-------- Extracted data
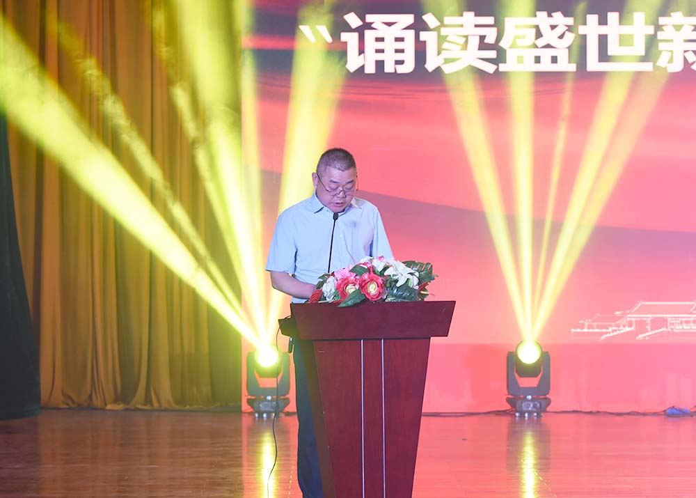 金建雄致开场辞,他表示希望能借此次比赛机会,重温历史,追溯文化,弘扬优秀传统文化,让经典滋润心田,伴随成长,使文明溢满校园。
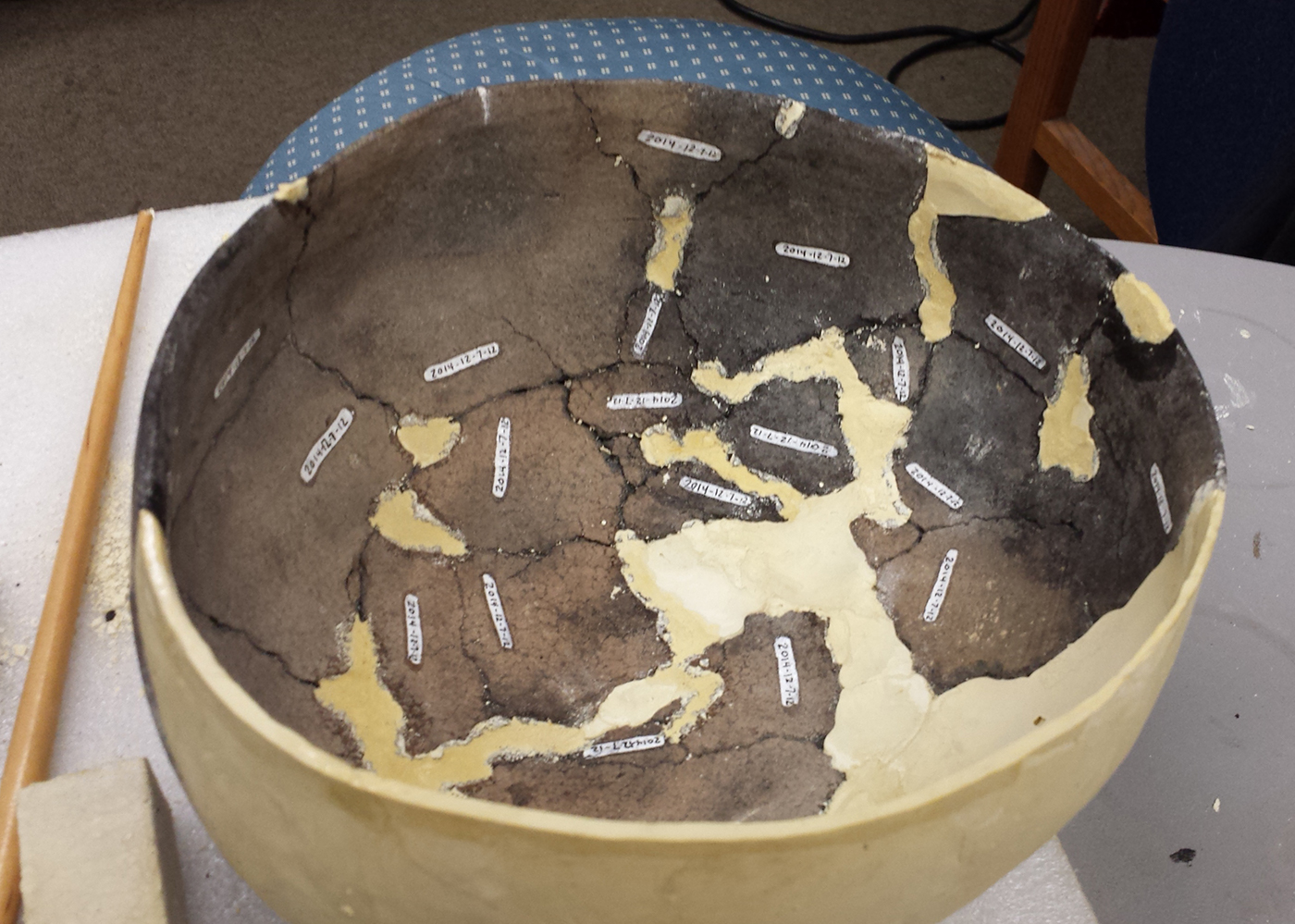 Today we found Ann Cordell in the ceramics lab reconstructing a ceramic vessel from approximately 1000 B.C. to 500 B.C. From the dark areas, which are numbered artifacts, she extrapolates the rest of the vessel based on her vast experience with the type of pottery and origin.
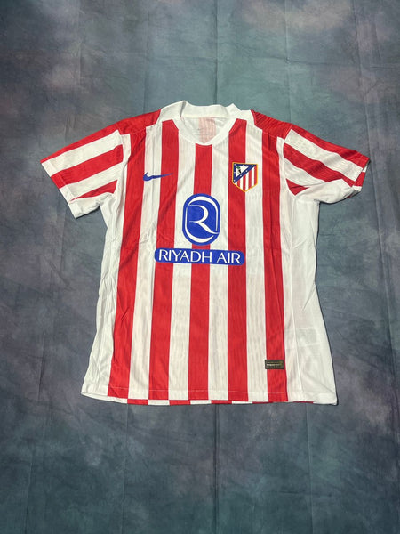 The Nike Atletico Madrid 2025-2026 home football shirt has the traditional white/red stripe design combined with blue for logos.
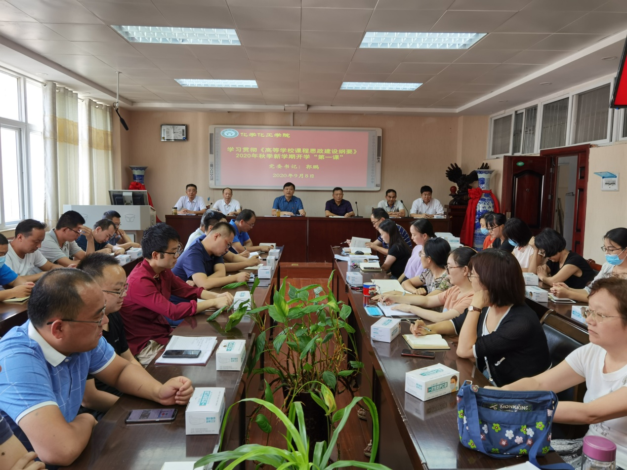 郭鹏结合习近平总书记关于教育的重要论述和全国教育大会精神,以《高等学校课程思政建设指导纲要》为主题内容,为全体教师上了一堂生动精彩的新学期“第一课”。
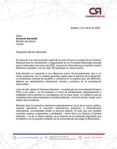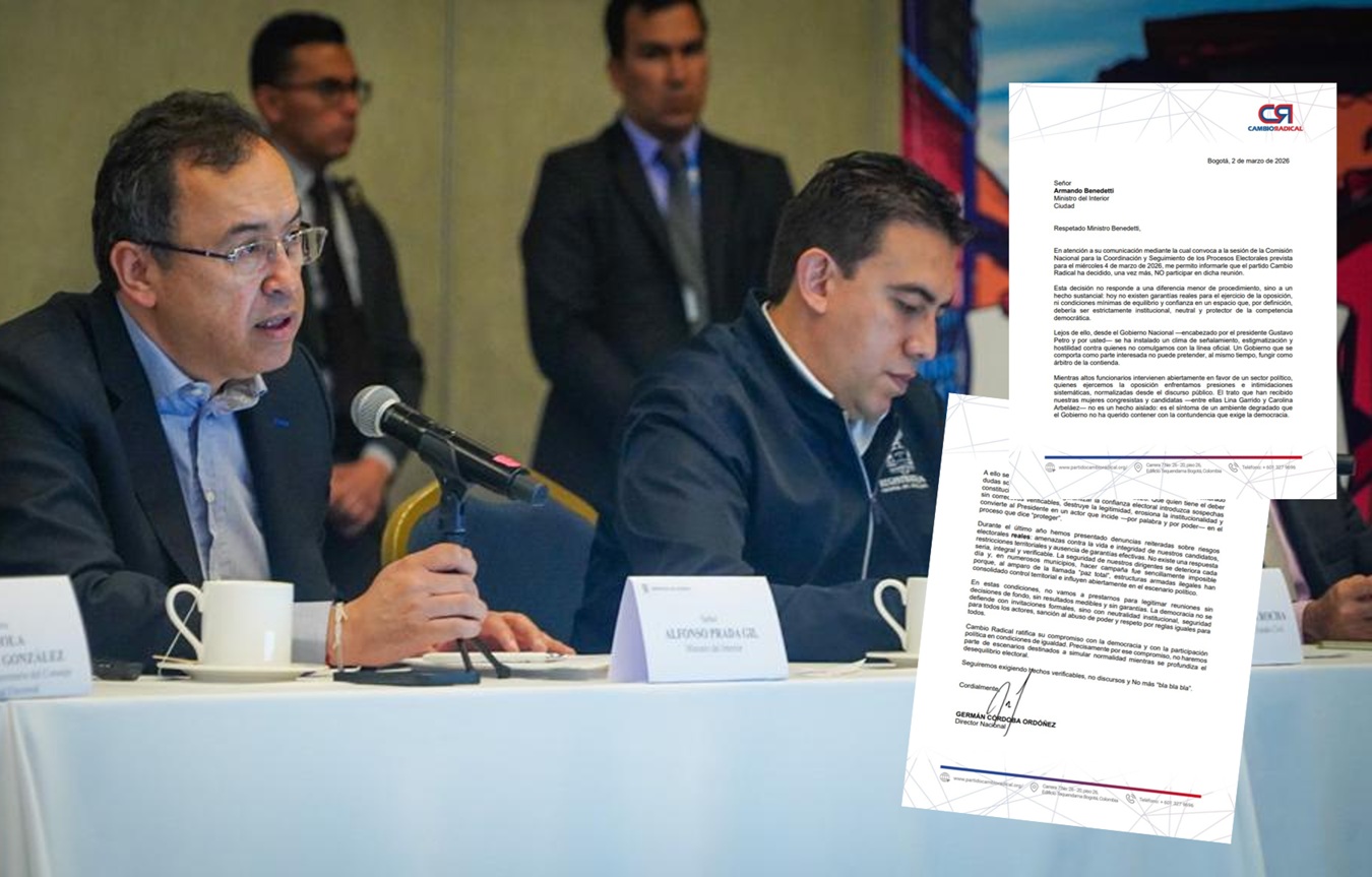El director del partido Cambio Radical, Germán Córdoba, anunció mediante una carta enviada al ministro del Interior, Armando Benedetti, que la colectividad no participará en la Comisión de Seguimiento Electoral convocada para este miércoles 4 de marzo.
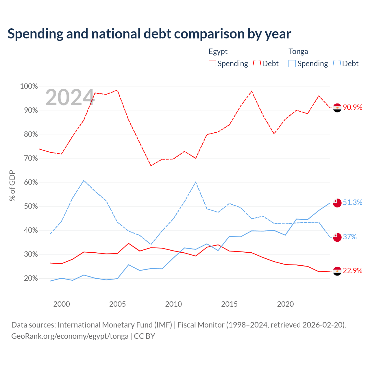 Egypt has $354B in government debt (90.9% of GDP), compared to $256M (37% of GDP) in Tonga.
----------------
**About this task**
Print verbatim every line above, apart from the pictures.

**Response**
 金建雄致开场辞,他表示希望能借此次比赛机会,重温历史,追溯文化,弘扬优秀传统文化,让经典滋润心田,伴随成长,使文明溢满校园。
 Today we found Ann Cordell in the ceramics lab reconstructing a ceramic vessel from approximately 1000 B.C. to 500 B.C. From the dark areas, which are numbered artifacts, she extrapolates the rest of the vessel based on her vast experience with the type of pottery and origin.
 The Nike Atletico Madrid 2025-2026 home football shirt has the traditional white/red stripe design combined with blue for logos.
 郭鹏结合习近平总书记关于教育的重要论述和全国教育大会精神,以《高等学校课程思政建设指导纲要》为主题内容,为全体教师上了一堂生动精彩的新学期“第一课”。
El director del partido Cambio Radical, Germán Córdoba, anunció mediante una carta enviada al ministro del Interior, Armando Benedetti, que la colectividad no participará en la Comisión de Seguimiento Electoral convocada para este miércoles 4 de marzo.
 Egypt has $354B in government debt (90.9% of GDP), compared to $256M (37% of GDP) in Tonga.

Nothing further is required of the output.